Supplied material:
══════════
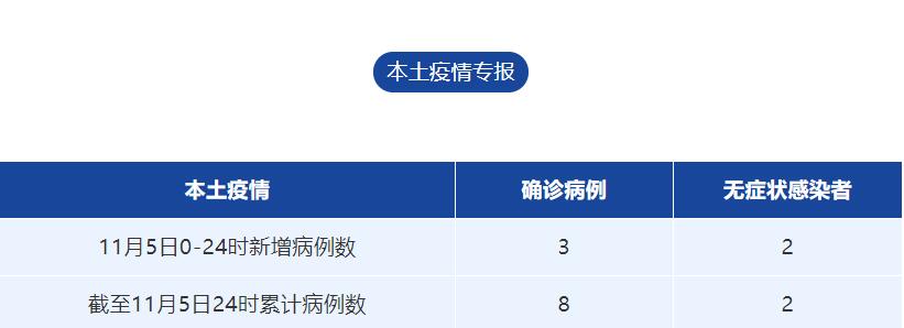 11月5日,我市新增新冠肺炎确诊病例5例,其中本土病例3例,境外输入病例2例(均系昨日通报的境外输入无症状感染者订正)。新增无症状感染者2例,均为本土病例。
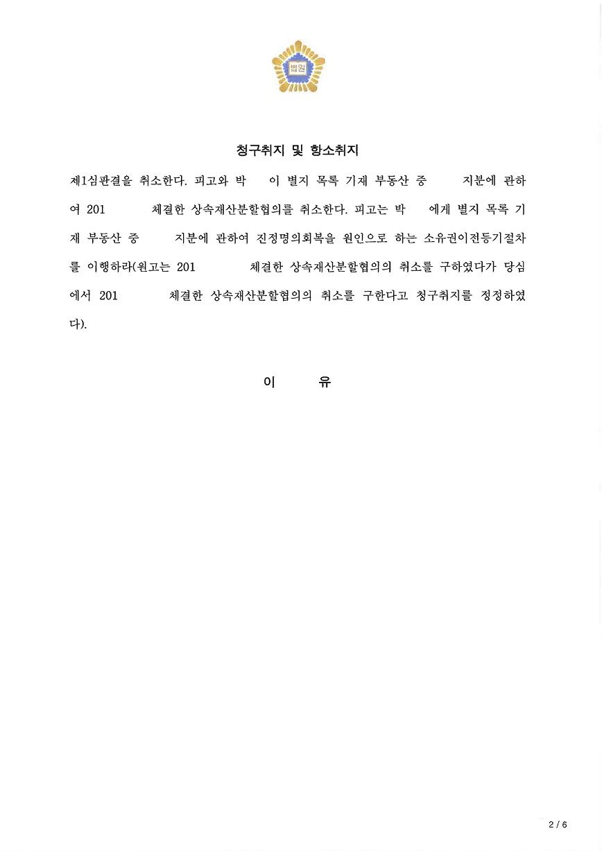 이미 채무초과 상태에 있는 채무자가 상속재산의 분할협의를 하면서 자신의 상속분에 관한 권리를 포기하는 행위는 원칙적으로 사해행위에 해당하며, 수익자의 악의는 추정되므로 이와 같은 경우에 원고의 청구를 기각시키는 것은 매우 어려운 일임에도 저희는 수익자의 선의를 적극 증명함으로써 원고의 청구를 기각시켰습니다. 원고는 이에 불복하여 항소하였으나 항소심에서도 저희는 의뢰인을 적극 방어하여 원고의 항소 또한 기각시키고 소송비용까지 돌려받으며 성공적으로 마무리한 사안입니다.
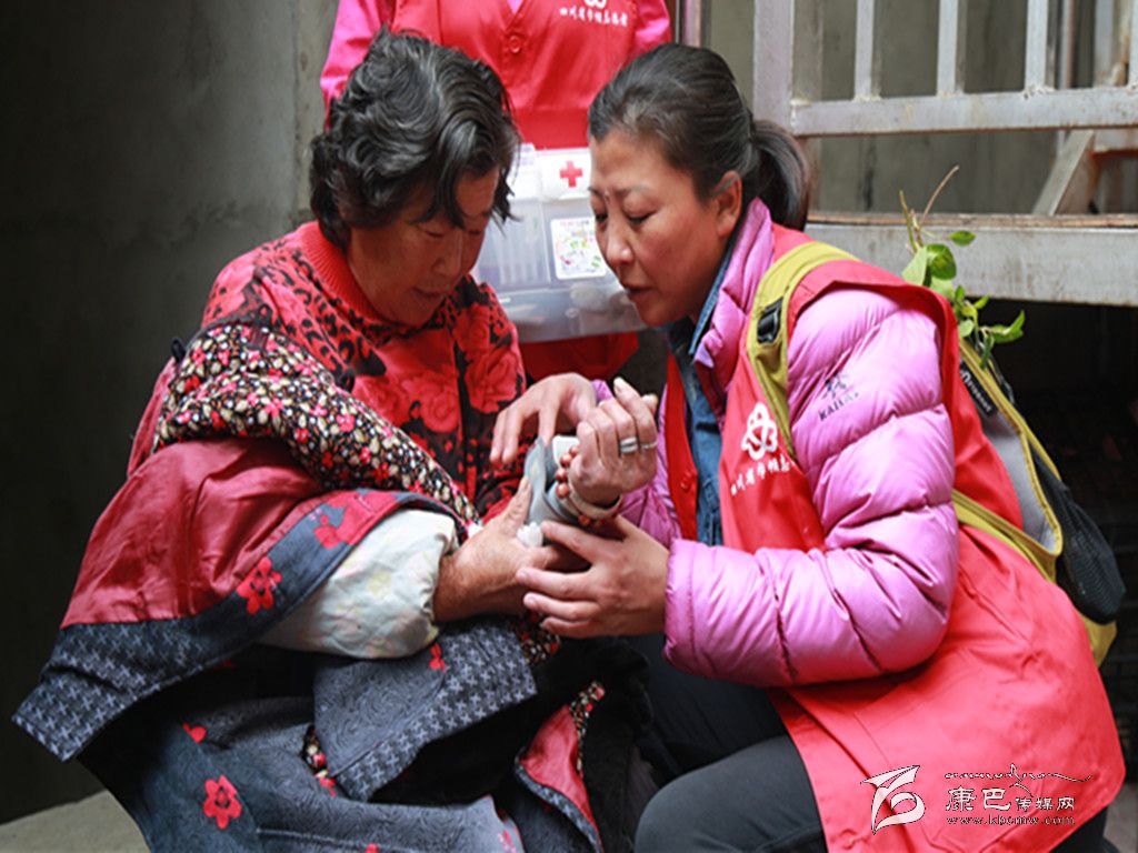 10月11日,由州婦聯(lián)牽頭,康定精英教育、岡拉梅朵藏區(qū)公益事業(yè)發(fā)展中心的志愿者在公主橋社區(qū),為10名高齡困難母親免費發(fā)放了價值三千余元的“健康包”(便攜式血壓儀、溫度計、碘伏、創(chuàng)可貼、棉簽等物品。)為老人們詳細講解“健康包”的使用方法。圖為志愿者為困難母親測血壓。(王曉燕 攝影報道)
══════════
Assignment: Restate all of the data word for word and include no pictures.

Task result:
 11月5日,我市新增新冠肺炎确诊病例5例,其中本土病例3例,境外输入病例2例(均系昨日通报的境外输入无症状感染者订正)。新增无症状感染者2例,均为本土病例。
 이미 채무초과 상태에 있는 채무자가 상속재산의 분할협의를 하면서 자신의 상속분에 관한 권리를 포기하는 행위는 원칙적으로 사해행위에 해당하며, 수익자의 악의는 추정되므로 이와 같은 경우에 원고의 청구를 기각시키는 것은 매우 어려운 일임에도 저희는 수익자의 선의를 적극 증명함으로써 원고의 청구를 기각시켰습니다. 원고는 이에 불복하여 항소하였으나 항소심에서도 저희는 의뢰인을 적극 방어하여 원고의 항소 또한 기각시키고 소송비용까지 돌려받으며 성공적으로 마무리한 사안입니다.
 10月11日,由州婦聯(lián)牽頭,康定精英教育、岡拉梅朵藏區(qū)公益事業(yè)發(fā)展中心的志愿者在公主橋社區(qū),為10名高齡困難母親免費發(fā)放了價值三千余元的“健康包”(便攜式血壓儀、溫度計、碘伏、創(chuàng)可貼、棉簽等物品。)為老人們詳細講解“健康包”的使用方法。圖為志愿者為困難母親測血壓。(王曉燕 攝影報道)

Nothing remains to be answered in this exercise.